I'm trying to run a kubeflow pipeline setup and I have several environements (dev, staging, prod).

In my pipeline I'm using kfp.components.func_to_container_op to get a pipeline task instance (ContainerOp), and then execute it with the appropriate arguments that allows it to integrate with my s3 bucket:

from utils.test import test

test_op = comp.func_to_container_op(test, base_image='my_image')

read_data_task = read_data_op(
    bucket,
    aws_key,
    aws_pass,
)

arguments = {
    'bucket': 's3',
    'aws_key': 'key',
    'aws_pass': 'pass',
}
kfp.Client().create_run_from_pipeline_func(pipeline, arguments=arguments)

Each one of the environments is using different credentials to connect to it and those credentials are being passed in the function:

def test(s3_bucket: str, aws_key: str, aws_pass: str):
....
s3_client = boto3.client('s3', aws_access_key_id=aws_key, aws_secret_access_key=aws_pass)
s3_client.upload_file(from_filename, bucket_name, to_filename)

so for each environment I need to update the arguments to contain the correct credentials and it makes it very hard to maintain since each time that I want to update from dev to stg to prod I can't simply copy the code.

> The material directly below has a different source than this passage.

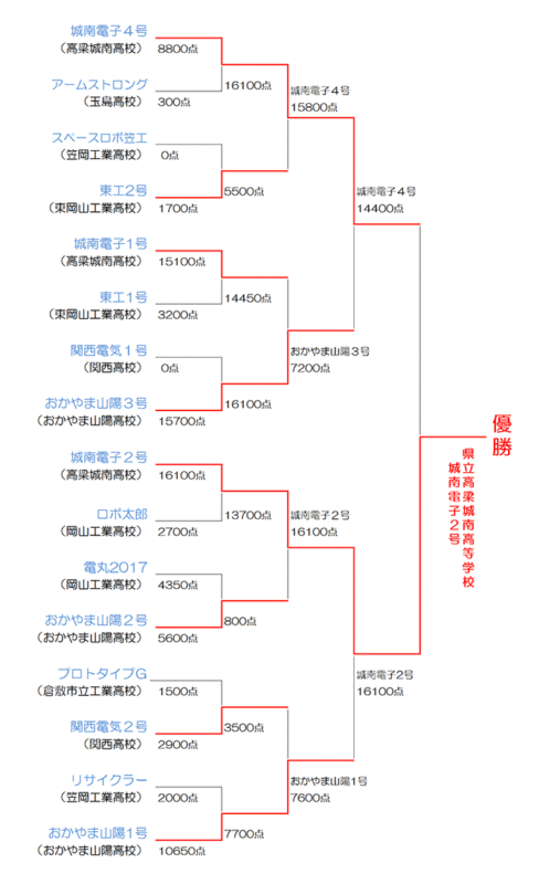 優勝の里庄中学校「月光」号チーム、高梁城南高等学校「城南電子2号」チームの皆さん、おめでとうございます。すばらしいロボットの構想、設計、製作、操縦であり、日頃の努力の賜物と思います。また、惜しくも準優勝のチームをはじめとして、予選で力を出し切れなかったチームの皆さんもよく頑張ったと思います。出場した皆さんは、この大会への取組で様々な経験をしたと思います。皆さんがヒーローです。

My question is what is the best approach to pass those credentials?

torpido
  • 63
  • 9
  • My ideal solution would be that those credentials should get initialized as env variables and that my pipeline will not be aware of them, that could have work if I could run the docker before the pipeline through an external process that will be aware of the env that I'm running on (dev/stg/prod) and then set those env variables before. Just a thought, although I hope there is a more elegant solution – torpido Apr 20 '20 at 23:13

1 Answers1

0

Ideally you should push any env-specific configurations as close to the cluster as possible (as far away from components).

You can create Kubernetes secret in each environemnt with different creadentials. Then use that AWS secret in each task:

from kfp import aws

def my_pipeline():
   ...

   conf = kfp.dsl.get_pipeline_conf()
   conf.add_op_transformer(aws.use_aws_secret('aws-secret', 'AWS_ACCESS_KEY_ID', 'AWS_SECRET_ACCESS_KEY'))

Maybe boto3 can auto-load the credentials using the secret files and the environment variables.

At least all GCP libraries and utilities do that with GCP credentials.

P.S. It's better to create issues in the official repo: https://github.com/kubeflow/pipelines/issues

Ark-kun
  • 6,358
  • 2
  • 34
  • 70